Healthcare Cost Control at the Crossroads

June 27, 2019

John McCracken, PhD

The cost of healthcare dominates today’s political discussion; the public consistently ranks it as the number one issue they want government to address.  So far, the discussion has centered on two polar opposite avenues of approach:

  • greater government control thorough various flavors of Medicare for All; or
  • unleashing the forces of market competition through greater healthcare price and quality transparency.

These two approaches to controlling cost are mutually exclusive.  Which one will prevail is presently in doubt, but the resolution may not be long in coming. 

Medicare for All is a central theme for a majority of the Democrats running for President.  Candidate proposals range from a single government payer and the elimination of private insurance at one extreme (Sen. Sanders) to allowing people age 50-64 the option of buying into Medicare, with premium and cost-sharing subsidies for lower income people (Sens. Booker, Harris, Gillibrand and Klobuchar).  Polling by the Kaiser Family Foundation shows that 77% of the public favors a Medicare purchase option, while 56% say they favor a national plan in which all Americans would get their insurance through a single government plan. 

Whatever Democratic consensus finally emerges, it’s likely to be accompanied by an expansion of the federal government’s role in setting clinical prices and an attempt to restrain total spending through global budgets.  It’s this prospective government control over healthcare price setting—not financing—that has the potential to have the most perverse economic effect. 

Government price setting would freeze relative prices of medical services.  In a well-functioning market, relative prices of complimentary or alternative services are free to adjust to reflect constantly changing technology and consumer demand, facilitating optimal supply and the flow of resources into their most efficient use.  This is impossible when relative prices are prospectively set either by the Federal government or a large Medicare managed care plan. 

In contrast to Medicare for All, there have been two recent policy initiatives to restrain spending by promoting greater competition through provider price transparency.  In early March the Department of Health and Human Services indicated that it was considering a rule requiring healthcare providers to publicly disclose the secretly negotiated rates they charge insurers.   This was followed in June by a presidential Executive Order directing HHS to draft a rule that would require hospitals and the physicians they employ to publicize information on their negotiated rates with insurers for common and shoppable procedures. 

The outcry from the healthcare industry has been swift and predictably fierce.  The industry lobby is powerful—in 2018 (a non-election year) it spent more than $558 million in lobbying, more than any other U.S. industry—and has advanced the counterintuitive argument that price disclosure would raise prices, not lower them.  There is certain to be considerable opposition as well as litigation as industry groups representing hospitals, physicians and insurers attempt to derail the initiative.  

A second initiative has come from the powerful Senate Health, Education, Labor and Pensions (HELP) committee in the form of a propose Lower Health Care Costs Act of 2019.  Title III of the Act would ban gag clauses in contracts between providers and health plans that block consumers and employers from seeing actual cost and quality data on providers.  It also would prevent anti-tiering and anti-steering clauses that restrict payers from directing patients to the most cost-effective providers. 

While the healthcare industry has marshalled its considerable resources to slow the movement toward true cost and quality transparency, employers—who sponsor insurance for 158 million Americans and thus have a vested interest in the outcome—have been notably silent.  Whether through indifference or simple inertia, employers have not been a vocal force for greater industry transparency.   

Some industry participants argue that the combination of high deductibles and value-based payments—even in the absence of price and quality transparency—eventually will suffice to restrain costs.

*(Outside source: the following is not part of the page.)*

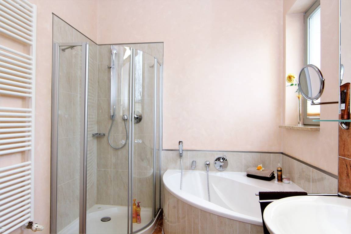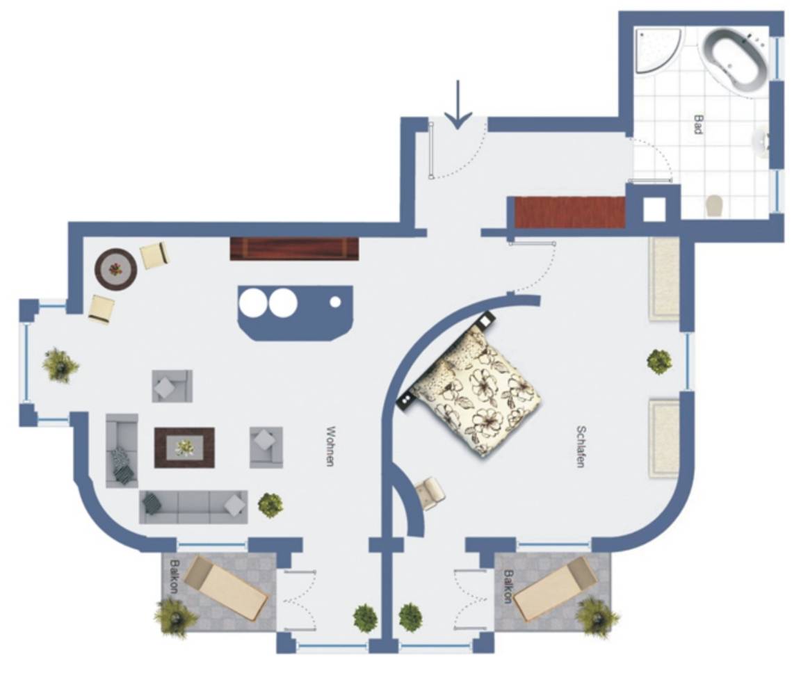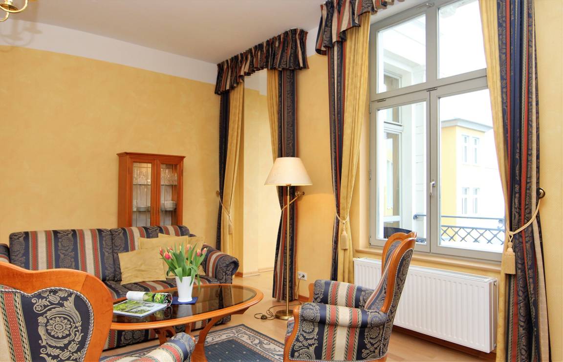 Die mit 79 qm großzügige 2-Zimmer Wohnung im 2. Obergeschoss besticht in jeder Hinsicht durch die tolle Lage und die komfortable Ausstattung. Die der ursprünglichen Architektur entsprechenden Ausstattung der Appartements ist elegant und anspruchsvoll und lässt den Alltag schnell verfliegen. Hochwertige italienische Möbel, gepaart mit modernem Komfort, prägen das Wohn- und Wohlgefühl. Der stilvolle Wohnbereich ist mit einer gemütlichen Sitzecke (mit Schlaffunktion für zwei weitere Personen) mit Flat-TV/DVD und Radio/CD eingerichtet. Die hohen Fenster spenden viel Licht. Der kleine Erker ist ein lauschiges Plätzchen zum Lesen oder Träumen. Hier sitzen Sie in der ersten Reihe, um das Treiben rund um die Konzertmuschel zu beobachten. Eine kleine Küchenzeile mit Geschirrspüler, Mikrowelle, Kühlschrank und Cerankochfeld sowie ein Essplatz sind ebenfalls offen im Wohnbereich integriert. Im geräumigen Schlafzimmer befinden sich ein Doppelbett mit getrennten Matratzen (90x200) sowie Schrankraum für Ihre Kleidung und Gepäck. Der angrenzende Erker mit Sekretär bietet ein wenig Zurückgezogenheit. Das hochwertig ausgestattete Tageslichtbad bietet Ihnen sowohl eine Badewanne als auch eine Dusche, Waschtisch/WC und Fön. Die zwei kleineren Balkone der Wohnung betreten Sie vom Wohn- als auch vom Schlafzimmer aus. Genießen Sie hier einen weiten Blick auf das Meer und die Seebrücke bis nach Swinemünde und auf das Leben in der Mitte Heringsdorfs und spüren Sie die Atmosphäre des mondänen Seeschlosses. Für Ihren Komfort befindet sich ein Aufzug im Haus und ein Fahrradkeller den Sie nutzen können. Der Pkw- Stellplatz befindet sich im Parkhaus, ca. 5 min fußläufig entfernt.

But, without knowledge of binding prices and robust data on quality of care, it is impossible for patients to shop for cost-effective care.  Relying on high deductibles and value-based payments alone to contain costs is like trying to talk a cat down out of a tree. 

Which is it going to be that finally restrains healthcare inflation: government administered prices or market competition?  Only the heavy hand of government or the competitive forces of informed patient demand ultimately are capable of restraining the growth of healthcare inflation.  The stakes are high and the jury is still out. 


John McCracken is Director of the Alliance for Physician Leadership, an educational partnership between the University of Texas at Dallas and The University of Texas Southwestern Medical Center which offers an MS/MBA program in healthcare leadership and management exclusively for physicians.